After I completed three levels of Hindi, our teacher took up a job elsewhere. Meanwhile Dakshin Bharath Hindi Prachar Sabha in- Madras announced a program  combining 4th and 5th level of Hindi classes to be completed in 10 months. I offered to go to Madras for that program and stay in the hostel there. It was the first time I was prepared to leave my mother to pursue my studies. Ten long months- I used to cry for my mother. The older students used to console me and took care of me. I missed my mother,  she had a heart of pure gold. She was a great cook. Her patience was ‘ocean deep’.  Her love was unforgettable. She had a healing touch. I was 12 years old then. I endured that separation hoping for a better future as a student. She told me that she missed me with her every breath,  that is how wonderful  my mother was. She was a great judge of people and matters. I always hoped to be half as gentle as she was and half as kind as she was and half as strong as she was. I am proud of being her youngest daughter.
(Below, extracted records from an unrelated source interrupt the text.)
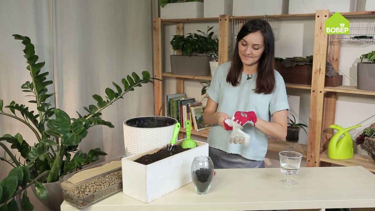 Это уникальное растение, поскольку неприхотливо к освещению и поливу. Однако в какой-то момент оно разрастается до очень больших размеров, и немногие знают, что с ним делать. Опытный флорист расскажет, как правильно размножить замиокулькас и посадить давшие корни черенки. Смотрите внимательно! Замиокулькас — очень ядовитое растение, сок которого может вызывать ожог слизистой оболочки. Вот почему работать необходимо в перчатках. Обрежьте самые длинные ветки при помощи чистого ножа или секатора. Обратите внимание, что у большого растения не рекомендуется срезать более двух веток за раз. Замиокулькас можно размножать не только веточками, но и листьями. Срежьте с ветки несколько листов, которые впоследствии тоже нужно укоренить. Немного укоротите длинные ветки и оставьте сохнуть примерно на 30 минут. Срезы, оставшиеся на растении, обработайте углём мелкой фракции, чтобы обеззаразить. Для укоренения возьмите вазу с водой и предварительно добавьте небольшое количество угля, который служит а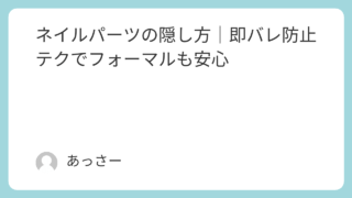 生活 ネイルパーツの隠し方|即バレ防止テクでフォーマルも安心 「ネイル禁止の場面なのに、派手なネイルをしてしまった…」そんな経験はありませんか。特にラインストーンや3Dデザインなどのネイルパーツは、目立ちやすく隠すのが難しいですよね。この記事では、テーピング・ネイルシール・コンシーラー・手袋などを使っ... 生活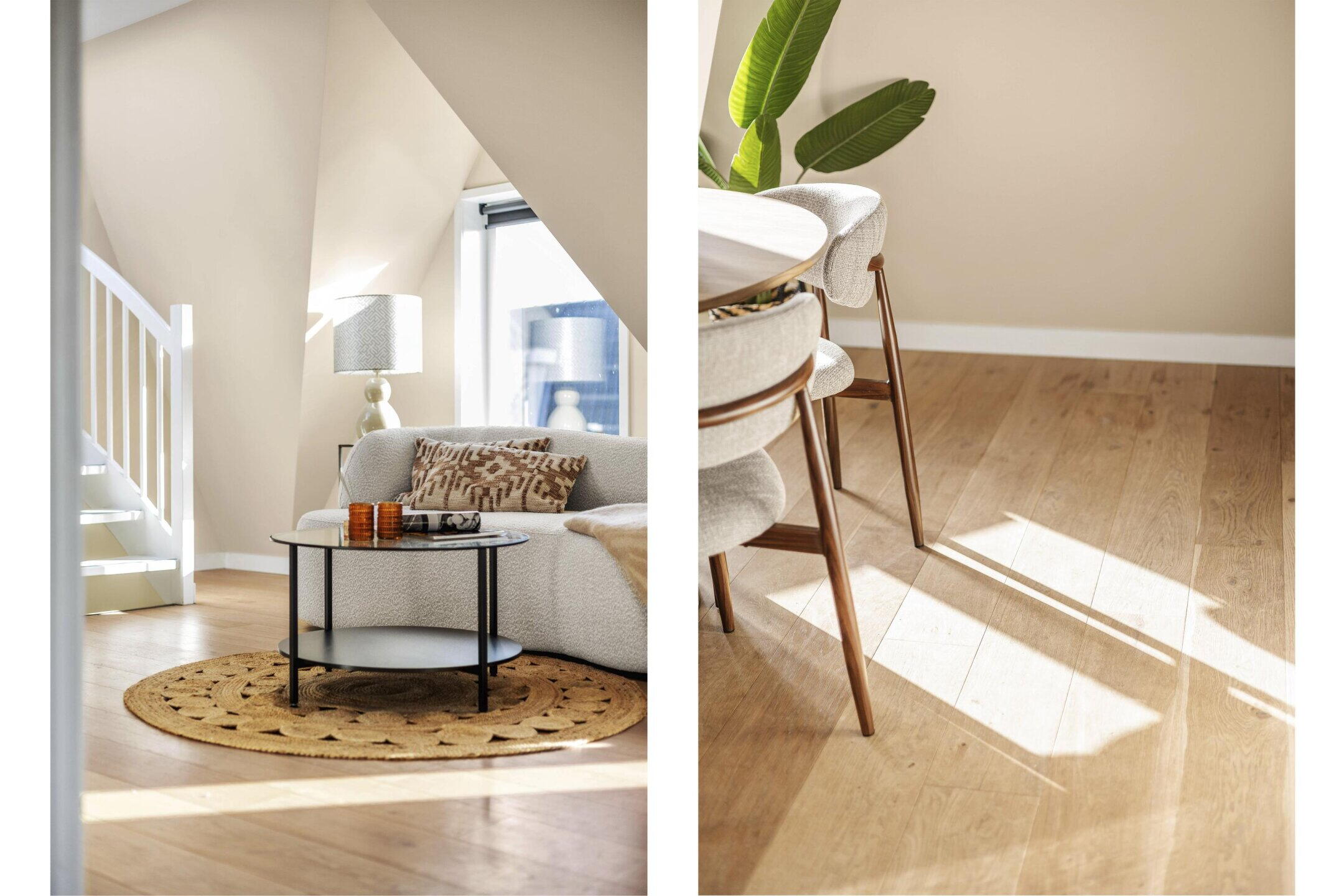 Through the shared entrance, you reach the staircase to the apartment on the second floor. You enter the cozy living room, where the sloping roof construction and large windows create a light and warm atmosphere. There is space for a comfortable sitting area and a dining area at the front where you can dine with four people.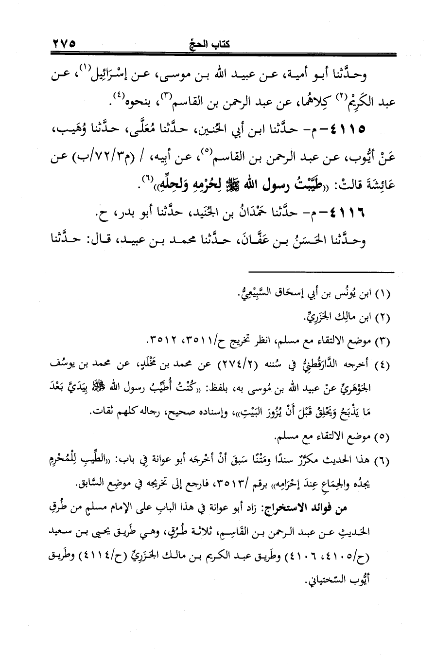 4115 - م- حدَّثنا ابن أبي الحُنين، حدَّثنا مُعَلَّى، حدَّثنا وُهَيب، عَنْ أيُّوب، عن عبد الرحمن بن القاسم (¬1)، عن أبِيه، عن عَائِشَةَ قالتْ: "طيَّبْتُ رسول الله -صلى الله عليه وسلم- لِحُرْمِهِ وَلحِلِّهِ" (¬2).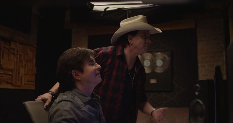 Além dos clássicos sertanejos, Sater contribuiu com três canções originais para a produção. Uma delas, "Meu Lugar", tem um impacto especialmente emocional na narrativa. "A música entrou em uma cena muito bruta que eu toco com o Jackson em um dos clímax do filme", conta o ator. A parceria com ator veterano, aliás, rendeu muitos elogios do elenco. "Ele é uma alma iluminada, uma pessoa incrível, teve uma troca sincera entre a gente, o tempo inteiro buscando o melhor. Quando a gente fazia nossas cenas saia faísca e o Gui ficava muito feliz. Foi uma energia muito curiosa, a nuca arrepiava, o corpo inteiro entrava em uma adrenalina muito curiosa, eram embates muito sérios", recorda Gabriel. Pereira descreve Jackson como alguém que tem uma "atmosfera muito forte" ao redor de si e diz que as falas do roteiro ganharam outra com o ator. "Quando ele lê um texto ele melhora suas palavras, não sei como isso é possível. Ele lê sua frase é como se fosse ouvir poesia."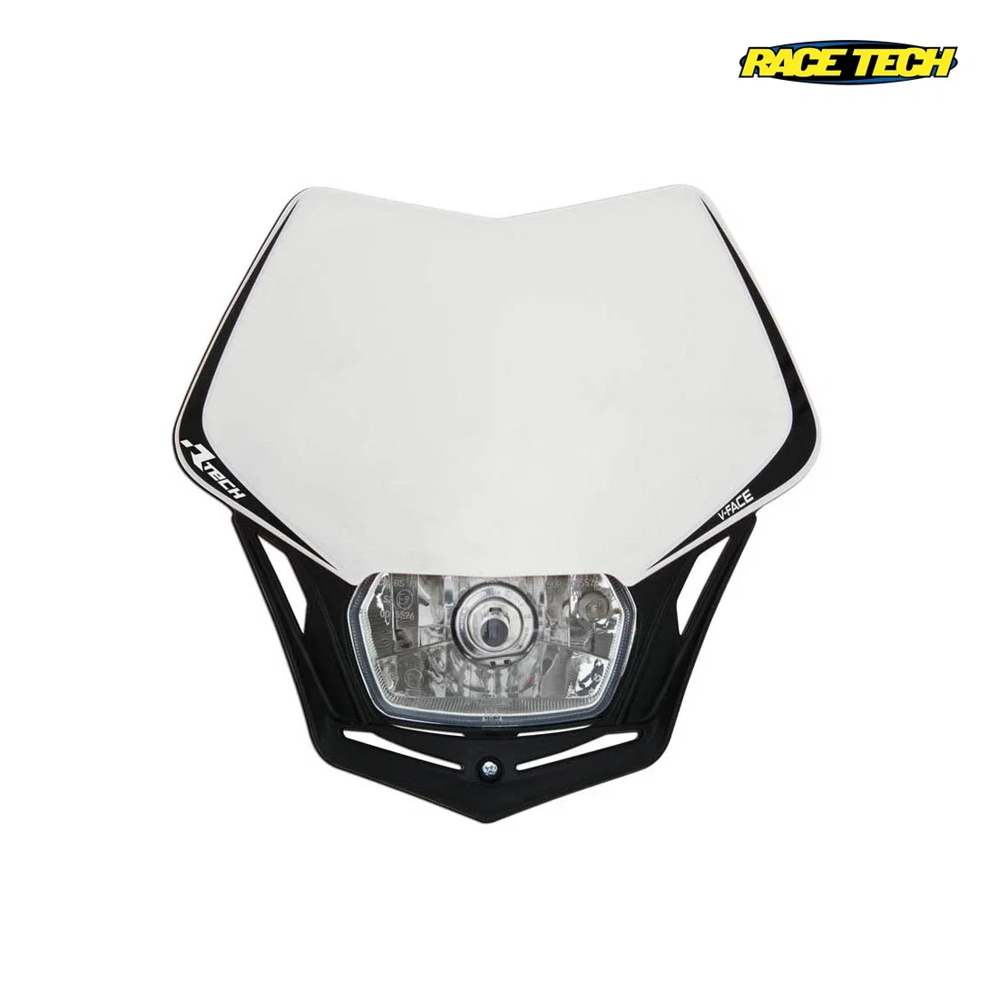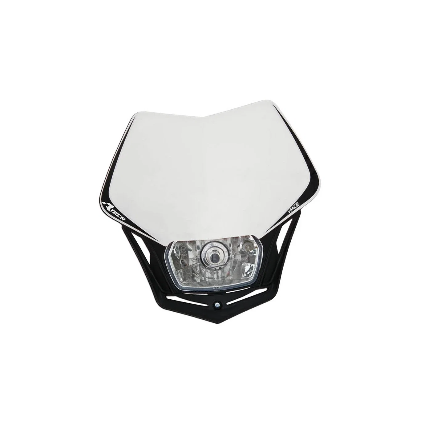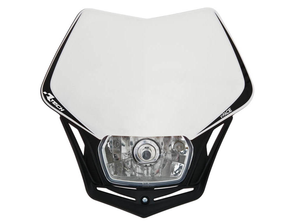 RACETECH (RTECH) LAMPA PRZEDNIA V-FACE KOLOR BIAŁY / CZARNY - Uniwersalny reflektor przedni przeznaczony do motocykli off-road, enduro i supermoto, zapewniający oświetlenie drogi oraz poprawę widoczności pojazdu.

After Madras, I went to Chittoor for higher studies in Hindi-Rastra Bhasha Praveen and Pracharak. That qualified me to be a Hindi teacher. My sister, Kamala and her stepdaughter Sujatha, also studied along with me. We stayed in the ladies hostel there. I had to take an age exemption certificate because I was not 16 years old then, as required to be a trainee teacher. One paper was to be answered in Urdu language and literature. A special teacher taught us Urdu. Surprisingly, I learnt the script very fast and prepared well for the examination. But, afterward I did not pursue Urdu studies and I almost forgot that language. I can only write my name in Urdu  now. It is a beautiful language and it is rich in poetry. I should not have given it up.

After successfully completing  my  training, I wanted to be a Hindi teacher in some school. My brother made fun of me saying that I was still a kid then, saying my desire to work as a teacher can wait and I can still study for some years. And my father was willing to spend for my English studies.

My English Studies

My brother got me admitted in an institution called ‘Vidyavanam’. It was essentially a Hindi teaching institution situated in the fields on the banks of the canal Pulleru, on the way to Machilipatnam from Vijayawada.

They started coaching for matriculation (equal to 10th class in high school). I opted for English medium. We lived in thatch-roofed rooms. Snakes and scorpions were often seen  as the school was in the fields, but no harm to anyone.

In that hostel my friends were  -Sakhamuri Samrajyam, Kilaru Sarojini, Prasuna and Krishna Kumari Boyapati. They were studying Hindi. I was the only one, however, to secure a first division in my batch in 1953. Mathematics was difficult for me and while – I only got 64% in math, but I felt very happy — as though I got 100%.  As I did not study in a regular school, I wasn’t inclined towards science and math. I opted for social studies. I joined Tenali College for intermediate with Indian History, British History and Civics, as my major subjects, along with general English and second language Hindi. The college had Arts and Commerce sections then. Later on, it became a full-fledged college, the- V.S.R.College. I completed my studies in Andhra University in 1958.

My brother taught me map reading and map pointing (important places etc.) He encouraged me to participate in essay writing competitions in  college. In the first year exams in 1954, I topped in all the subjects and also in essay writing in English and Hindi. At the annual function, I was given a number of good English books along with certificates on beautiful art paper, which I still have with me. They haven’t lost luster even after 60 years.

In the intermediate final exams, I topped my batch of 120 students. My father was extremely  happy with my high percentage of marks and asked me whether I could repeat intermediate with science group so that I could study medicine. But I refused to do so. Instead  I preferred to go  for my graduate studies.